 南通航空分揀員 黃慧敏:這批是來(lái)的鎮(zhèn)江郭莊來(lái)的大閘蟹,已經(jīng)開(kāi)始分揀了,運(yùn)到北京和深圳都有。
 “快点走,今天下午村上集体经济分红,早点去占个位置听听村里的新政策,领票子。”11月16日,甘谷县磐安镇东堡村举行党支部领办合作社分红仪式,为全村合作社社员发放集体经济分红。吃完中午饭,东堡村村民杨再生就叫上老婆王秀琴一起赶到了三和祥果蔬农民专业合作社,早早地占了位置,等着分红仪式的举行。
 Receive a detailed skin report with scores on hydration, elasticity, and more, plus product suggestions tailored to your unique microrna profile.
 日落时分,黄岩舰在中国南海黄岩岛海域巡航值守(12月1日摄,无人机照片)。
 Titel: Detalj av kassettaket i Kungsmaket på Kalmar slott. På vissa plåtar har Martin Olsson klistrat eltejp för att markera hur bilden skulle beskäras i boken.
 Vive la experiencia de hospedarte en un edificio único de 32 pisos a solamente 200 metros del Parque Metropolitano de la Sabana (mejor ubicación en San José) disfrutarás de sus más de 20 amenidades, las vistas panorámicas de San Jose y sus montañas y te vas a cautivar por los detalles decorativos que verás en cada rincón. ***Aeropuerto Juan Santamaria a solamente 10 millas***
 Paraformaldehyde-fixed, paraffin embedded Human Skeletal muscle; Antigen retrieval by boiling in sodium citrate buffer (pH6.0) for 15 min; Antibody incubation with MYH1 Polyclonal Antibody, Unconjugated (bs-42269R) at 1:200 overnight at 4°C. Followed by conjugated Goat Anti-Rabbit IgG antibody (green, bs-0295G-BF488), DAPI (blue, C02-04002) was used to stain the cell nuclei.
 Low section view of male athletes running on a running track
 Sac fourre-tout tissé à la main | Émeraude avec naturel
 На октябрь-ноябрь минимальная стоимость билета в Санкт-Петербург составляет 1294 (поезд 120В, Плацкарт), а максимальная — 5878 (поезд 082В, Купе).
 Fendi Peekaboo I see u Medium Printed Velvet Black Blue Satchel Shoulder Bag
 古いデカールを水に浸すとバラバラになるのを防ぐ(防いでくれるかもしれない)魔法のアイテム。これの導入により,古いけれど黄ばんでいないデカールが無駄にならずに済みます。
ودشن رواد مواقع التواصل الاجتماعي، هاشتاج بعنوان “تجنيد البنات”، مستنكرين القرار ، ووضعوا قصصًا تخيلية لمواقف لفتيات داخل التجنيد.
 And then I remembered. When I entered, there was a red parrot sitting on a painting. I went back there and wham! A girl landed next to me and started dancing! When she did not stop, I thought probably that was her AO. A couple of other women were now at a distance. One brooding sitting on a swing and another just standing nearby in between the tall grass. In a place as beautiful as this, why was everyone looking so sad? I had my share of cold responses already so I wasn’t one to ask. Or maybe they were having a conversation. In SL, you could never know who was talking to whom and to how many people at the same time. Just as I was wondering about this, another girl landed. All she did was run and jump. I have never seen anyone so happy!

# # # # # # #

_Goal of the exercise_: Reproduce the material precisely, including every line.

_Task output_:
 南通航空分揀員 黃慧敏:這批是來(lái)的鎮(zhèn)江郭莊來(lái)的大閘蟹,已經(jīng)開(kāi)始分揀了,運(yùn)到北京和深圳都有。
 “快点走,今天下午村上集体经济分红,早点去占个位置听听村里的新政策,领票子。”11月16日,甘谷县磐安镇东堡村举行党支部领办合作社分红仪式,为全村合作社社员发放集体经济分红。吃完中午饭,东堡村村民杨再生就叫上老婆王秀琴一起赶到了三和祥果蔬农民专业合作社,早早地占了位置,等着分红仪式的举行。
 Receive a detailed skin report with scores on hydration, elasticity, and more, plus product suggestions tailored to your unique microrna profile.
 日落时分,黄岩舰在中国南海黄岩岛海域巡航值守(12月1日摄,无人机照片)。
 Titel: Detalj av kassettaket i Kungsmaket på Kalmar slott. På vissa plåtar har Martin Olsson klistrat eltejp för att markera hur bilden skulle beskäras i boken.
 Vive la experiencia de hospedarte en un edificio único de 32 pisos a solamente 200 metros del Parque Metropolitano de la Sabana (mejor ubicación en San José) disfrutarás de sus más de 20 amenidades, las vistas panorámicas de San Jose y sus montañas y te vas a cautivar por los detalles decorativos que verás en cada rincón. ***Aeropuerto Juan Santamaria a solamente 10 millas***
 Paraformaldehyde-fixed, paraffin embedded Human Skeletal muscle; Antigen retrieval by boiling in sodium citrate buffer (pH6.0) for 15 min; Antibody incubation with MYH1 Polyclonal Antibody, Unconjugated (bs-42269R) at 1:200 overnight at 4°C. Followed by conjugated Goat Anti-Rabbit IgG antibody (green, bs-0295G-BF488), DAPI (blue, C02-04002) was used to stain the cell nuclei.
 Low section view of male athletes running on a running track
 Sac fourre-tout tissé à la main | Émeraude avec naturel
 На октябрь-ноябрь минимальная стоимость билета в Санкт-Петербург составляет 1294 (поезд 120В, Плацкарт), а максимальная — 5878 (поезд 082В, Купе).
 Fendi Peekaboo I see u Medium Printed Velvet Black Blue Satchel Shoulder Bag
 古いデカールを水に浸すとバラバラになるのを防ぐ(防いでくれるかもしれない)魔法のアイテム。これの導入により,古いけれど黄ばんでいないデカールが無駄にならずに済みます。
ودشن رواد مواقع التواصل الاجتماعي، هاشتاج بعنوان “تجنيد البنات”، مستنكرين القرار ، ووضعوا قصصًا تخيلية لمواقف لفتيات داخل التجنيد.
 And then I remembered. When I entered, there was a red parrot sitting on a painting. I went back there and wham! A girl landed next to me and started dancing! When she did not stop, I thought probably that was her AO. A couple of other women were now at a distance. One brooding sitting on a swing and another just standing nearby in between the tall grass. In a place as beautiful as this, why was everyone looking so sad? I had my share of cold responses already so I wasn’t one to ask. Or maybe they were having a conversation. In SL, you could never know who was talking to whom and to how many people at the same time. Just as I was wondering about this, another girl landed. All she did was run and jump. I have never seen anyone so happy!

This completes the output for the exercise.